Q1: A fair six-sided die is rolled. What is the probability of rolling a number greater than 4? (a) \(\frac{1}{6}\) (b) \(\frac{1}{3}\) (c) \(\frac{1}{2}\) (d) \(\frac{2}{3}\)
Solution:
Ans: (b) Explanation: The numbers greater than 4 on a six-sided die are 5 and 6. There are 2 favorable outcomes out of 6 possible outcomes. Therefore, the probability is \(\frac{2}{6} = \frac{1}{3}\).
Q2: A bag contains 5 red marbles, 3 blue marbles, and 2 green marbles. If one marble is drawn at random, what is the probability that it is NOT blue? (a) \(\frac{3}{10}\) (b) \(\frac{7}{10}\) (c) \(\frac{1}{2}\) (d) \(\frac{2}{5}\)
Solution:
Ans: (b) Explanation: Total marbles = 5 + 3 + 2 = 10. Non-blue marbles = 5 red + 2 green = 7. The probability of NOT drawing a blue marble is \(\frac{7}{10}\).
Q3: What is the probability of flipping a fair coin and getting heads? (a) 0 (b) \(\frac{1}{4}\) (c) \(\frac{1}{2}\) (d) 1
Solution:
Ans: (c) Explanation: A fair coin has two equally likely outcomes: heads and tails.

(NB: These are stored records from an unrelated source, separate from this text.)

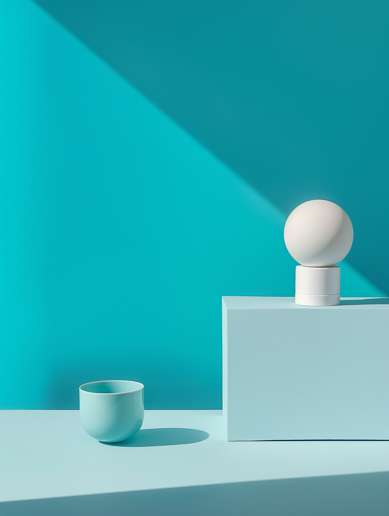 Minimalist scene with a blue cup and geometric shapes against a teal background, featuring strong shadows and a modern aesthetic.
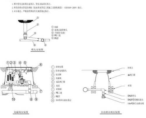 主要建设内容:地埋伸缩喷头安装、输水管线开挖回填和管道安装、、电磁阀安装、智能灌溉控制器安装。
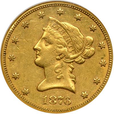 1876-CC $10 Liberty. NGC graded AU-53. A hint of light toning. Very rare date. Only 4,696 struck. This lovely coin joins others in the Carson City Mint pantheon that have a shot at Condition Census class in being every attractive. Pre-eminent figures of the past in the collecting of American gold coins and research were always attracted to CC-mint gold, as they are today. This coin stands as one of the most admired due to its association with the Centennial year of American independence, 1876.

The probability of getting heads is \(\frac{1}{2}\).
Q4: A spinner is divided into 8 equal sections numbered 1 through 8. What is the probability of landing on an even number? (a) \(\frac{1}{4}\) (b) \(\frac{3}{8}\) (c) \(\frac{1}{2}\) (d) \(\frac{5}{8}\)
Solution:
Ans: (c) Explanation: The even numbers from 1 to 8 are 2, 4, 6, and 8. There are 4 favorable outcomes out of 8 possible outcomes. The probability is \(\frac{4}{8} = \frac{1}{2}\).
Q5: If the probability of an event occurring is \(\frac{3}{7}\), what is the probability of the event NOT occurring? (a) \(\frac{3}{7}\) (b) \(\frac{4}{7}\) (c) \(\frac{1}{7}\) (d) \(\frac{7}{3}\)
Solution:
Ans: (b) Explanation: The probability of an event not occurring is equal to 1 minus the probability of the event occurring. Therefore, \(1 - \frac{3}{7} = \frac{7}{7} - \frac{3}{7} = \frac{4}{7}\).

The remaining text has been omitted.